An EastEnders line of dialogue referencing Elizabeth Taylor and Richard Burton has been cut from Monday night's episode of the soap, reports have suggested. In the episode of the BBC1 soap, the late couple had been mentioned in a discussion between Alfie Moon (Shane Richie), his cousin Michael (Steve John Shepherd) and Roxy Mitchell (Rita Simons) about the problems in Alfie's marriage to Kat. Encouraging Alfie not to give up on his relationship, Michael says: 'You two, you're like Burton and Taylor.' The original version of the episode saw a confused Alfie reply by saying: 'What? He's dead ain't he?' However, the Sun reports that whilst Michael's line will remain in the episode Alfie's reply will be cut following Taylor's death last week at the age of seventy nine.
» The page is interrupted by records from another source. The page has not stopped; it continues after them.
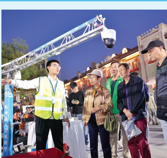
昨日,12350安全生产举报主题宣传日活动在意大利风情街举办。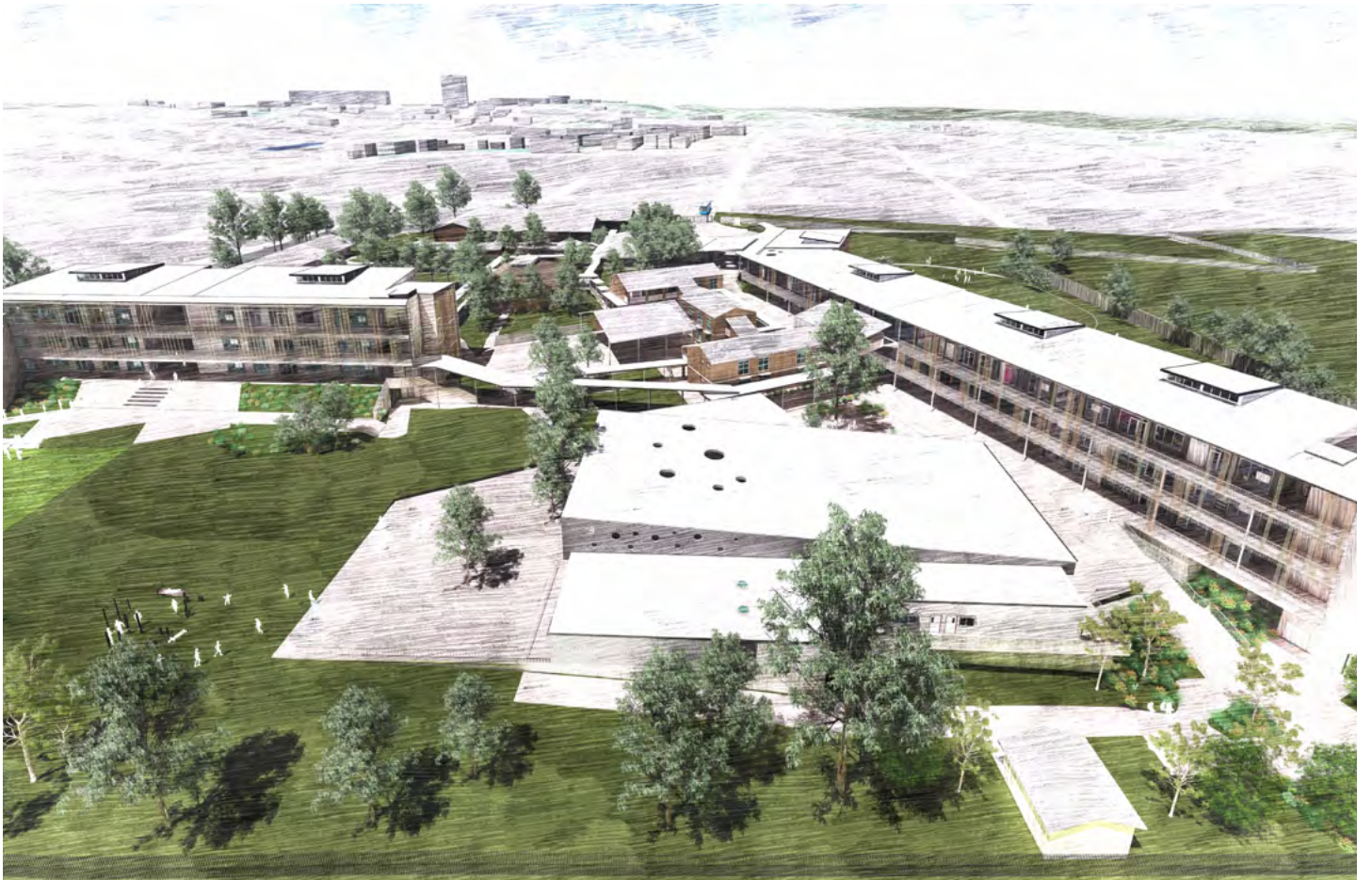
建成之后的Carlingford West公立学校，从Felton Road West边界处向东俯瞰规划图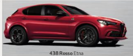
438 Rosso Etna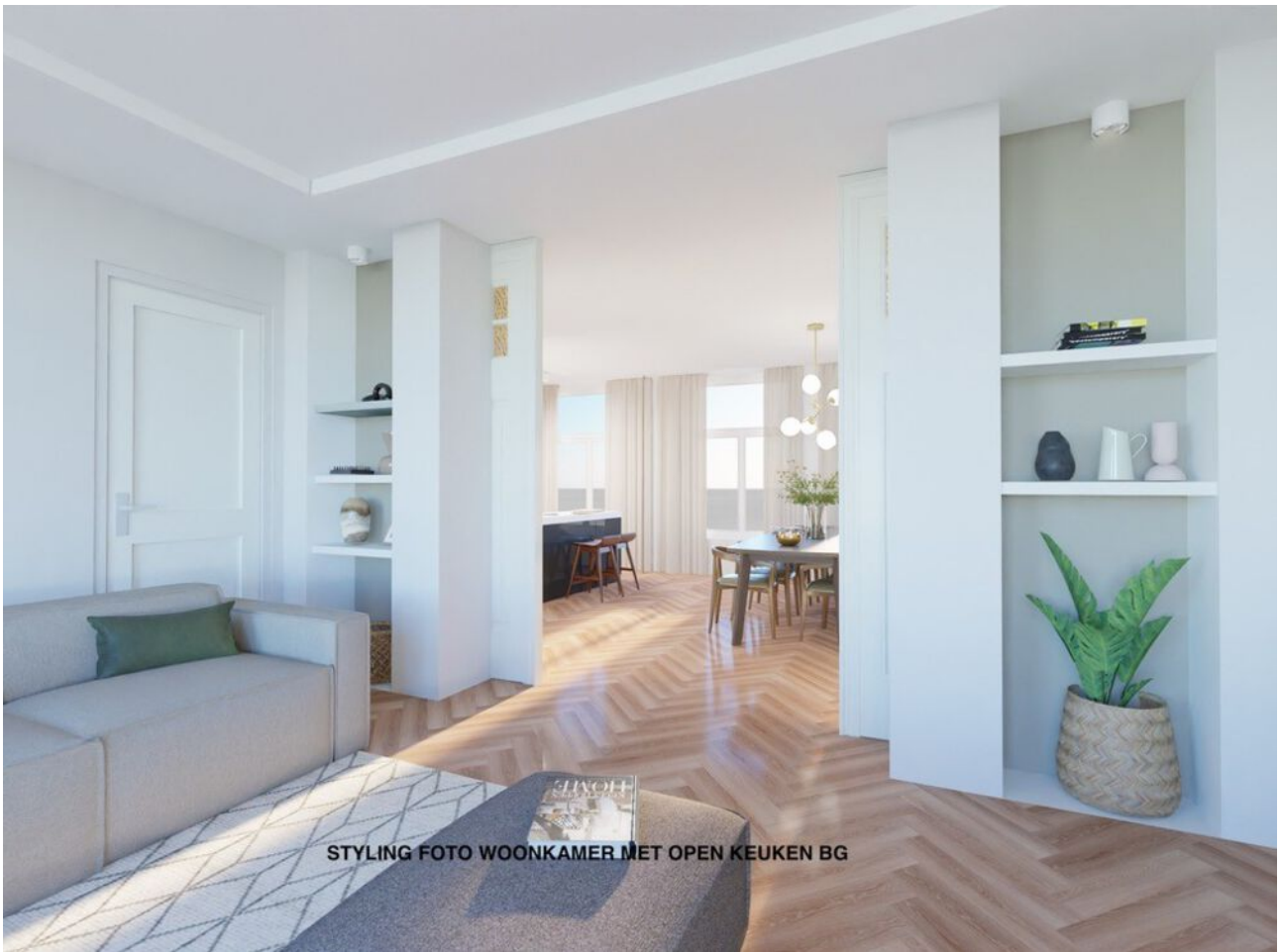
STYLING FOTO WOONKAMER MET OPEN KEUKEN BG

Following the removal of the line, the episode will jump to Roxy, who compares Alfie and Kat to 'salt and vinegar.' A spokesperson for the soap said that it was 'pure coincidence' that Taylor was mentioned in the scene, which was filmed earlier this year. The representative said: 'A decision was taken to edit the scene as it's so soon after her death.'

There's an excellent character assassination of Daybreak by former GMTV editor Peter McHugh in the Gruniad on Monday that had yer actual Keith Telly Topping standing on his chair applauding and shouting 'encore!' With venom dripping from every syllable, McHugh wrote: 'It is six months now since ITV launched its breakfast show Daybreak with new presenters, a spanking new set and new content. The audience doesn't like it. It's time for a change.' All good stuff, all pretty accurate - apart from his staggering assertion that GMTV 'could still muster a daily reach of five million viewers on a weekday.' Could it bollocks?! In what universe, pal? But the rest of it is bang on the money: 'It was obvious within days that Chiles was out of his comfort zone, not a morning person and certainly not the man to start your day with a smile. Bleakley was told to move closer. The audience was not happy. They wanted their old friends back, and they wanted the news and the weather – and not The ONE Show. They complained so much about the new presenters that audience comments were hidden from the staff, as were the daily demands for a return to what they had known. Staff morale plummeted with the ratings, as did the business. The once-successful website's traffic declined and advertisers found themselves owed millions as the programme failed to deliver on its audience promises. I estimate the underperformance cost ITV four million pounds in 2010, although ITV says otherwise. So here we are six months in. I'm told by insiders Daybreak is over its programme budget – again denied by ITV – and by my estimation Fincham is paying Chiles and Bleakley more than the combined wage bill of every presenter employed by GMTV. In the last full week of the independent GMTV in December 2009 its share of individuals was just under twenty seven per cent, five share points behind BBC Breakfast. More importantly commercially, its audience of housewives was thirty two and a half per cent, almost twice that of the BBC. Daybreak's individuals share is now about 18.5 per cent, less than half that of BBC Breakfast. Its mums audience share is down twenty per cent. There will apparently be champagne if it hits a twenty per cent individuals share by September.' You tell 'em, matey!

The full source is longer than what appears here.